Wrong-Way Bus Has Close Call -- Metro, DOT Mixup Sends Rig Up Wrong Ramp

The glitter on Metro's new bus tunnel was dulled a bit over the weekend when a bus emerged from the Convention Center Station tunnel and went the wrong way on a busy Interstate 5 ramp.

The result of the snafu, according to one passenger, was a narrowly avoided head-on collision and a time-consuming effort to back the bus down the ramp.

None of the bus passengers or anyone else was injured.

Passenger Lorraine Clark, said however, that the front of the bus went several feet into one of the express lanes before the driver was able to stop it.

``His nose was out there, six or eight feet into it. The cars were swerving to go around. They were giving us the horn, like, `Why don't you back up?' . . . There could have

been a horrible crash.''

Metro officials contended today that the bus never was in danger because it never entered the express lanes, said spokeswoman Alice Collingwood.

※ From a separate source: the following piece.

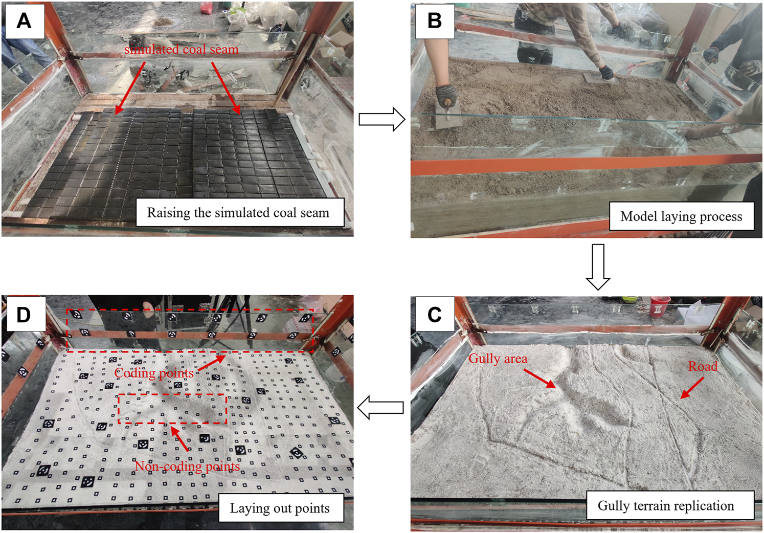 Model building process, (A) raising the bottom of the device to simulate coal seams, (B) laying simulated rock layers, (C) replicating real topography, (D) laying coded and non-coded points.

``The driver was able to stop before he got into any actual traffic,'' added Charlie Weeks, of Metro's communications division.

After realizing the express-lane traffic was southbound, the bus driver radioed for assistance.

Two other Metro employees arrived to help him back the bus down the ramp to the Convention Center station, where it took another route to its destination in the University District.

The incident occurred around 5 p.m. Saturday during the University of Washington-University of Southern California football game.

Normally on Saturday, the I-5 express lanes are opened for northbound traffic. In recent years, DOT has reversed the traffic from northbound to southbound to accommodate fans leaving the game.

Shortly after 5 p.m. Saturday, a DOT dispatcher radioed Metro that the lanes had been reversed. Shortly after that, a bus left the Metro station near the Convention Center.

When a bus leaves the station at Pine Street and 9th Avenue in downtown Seattle, the driver has two options: go east onto a ramp that takes the bus onto the express lanes heading north or, angle left onto another ramp to get on Olive Way on its way to Eastlake Avenue, according to Weeks.

When the express lanes are reversed to carry southbound traffic, Metro officials are to notify supervisors at the International District Station and at the Convention Center Station of the change.

The supervisors then are supposed to alert bus drivers of the switch. The supervisors also are supposed to make sure orange highway cones are placed at the entrance to the express lanes ramp to keep buses from entering.

According to Weeks, DOT called the wrong office to notify Metro of the reversal. Instead of calling the Metro Tunnel Controller's Office, DOT called the Metro Radio Communication Center.

It's the Tunnel Controller's Office that notifies the tunnel supervisors of the express-lanes change.

He acknowledged, however, that Metro's communication center and the controller's office are in the same building at Second Avenue and Marion Street and adjacent to each other, separated only by a wall with a window.

Metro acknowledged that Metro employees failed to put out the orange cones to alert the bus driver that he was headed into southbound traffic.